The output should hold exactly, and only, the lines from the line bearing "夏物 TB2-59 TB2-5914619840155" through the last line of the listing below, and no pictures.

*** Opening of Available data ***

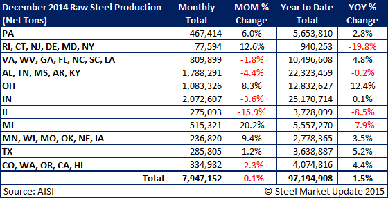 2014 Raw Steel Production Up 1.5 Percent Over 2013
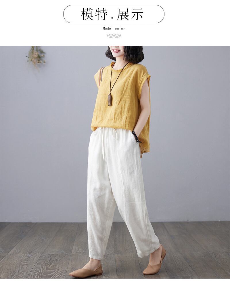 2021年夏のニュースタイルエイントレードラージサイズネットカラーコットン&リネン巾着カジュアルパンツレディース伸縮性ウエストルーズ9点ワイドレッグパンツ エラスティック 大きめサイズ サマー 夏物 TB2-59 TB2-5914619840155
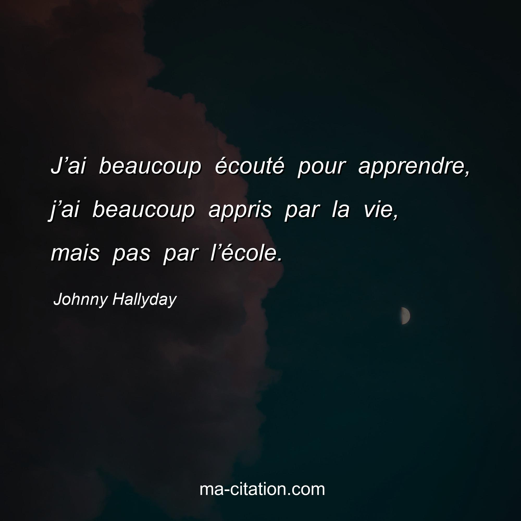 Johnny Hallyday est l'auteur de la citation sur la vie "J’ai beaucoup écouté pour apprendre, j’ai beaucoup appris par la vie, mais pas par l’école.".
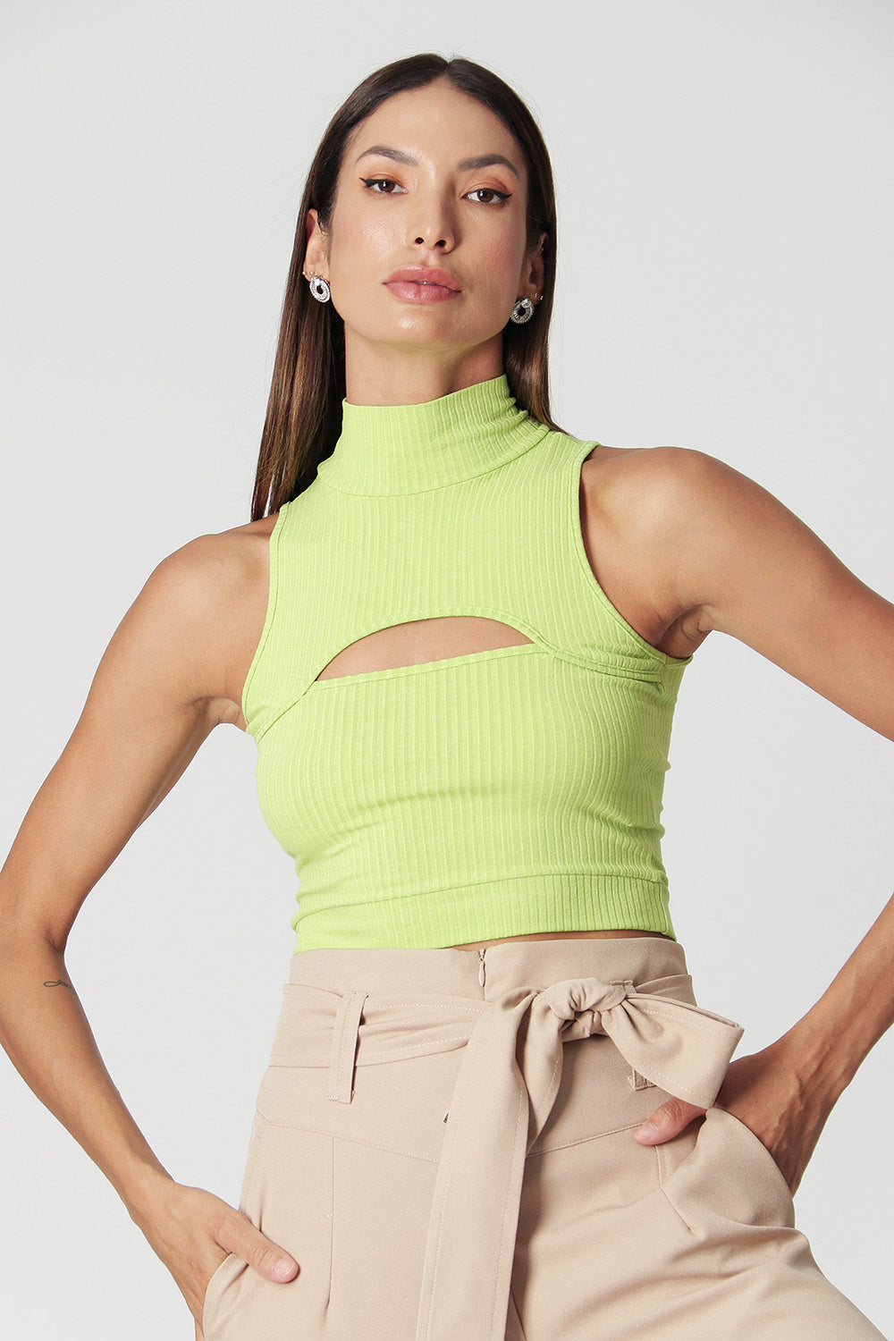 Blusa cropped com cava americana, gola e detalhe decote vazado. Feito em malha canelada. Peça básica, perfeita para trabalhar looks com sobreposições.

*** Close of Available data ***

Solution for this exercise =
 2021年夏のニュースタイルエイントレードラージサイズネットカラーコットン&リネン巾着カジュアルパンツレディース伸縮性ウエストルーズ9点ワイドレッグパンツ エラスティック 大きめサイズ サマー 夏物 TB2-59 TB2-5914619840155
 Johnny Hallyday est l'auteur de la citation sur la vie "J’ai beaucoup écouté pour apprendre, j’ai beaucoup appris par la vie, mais pas par l’école.".
 Blusa cropped com cava americana, gola e detalhe decote vazado. Feito em malha canelada. Peça básica, perfeita para trabalhar looks com sobreposições.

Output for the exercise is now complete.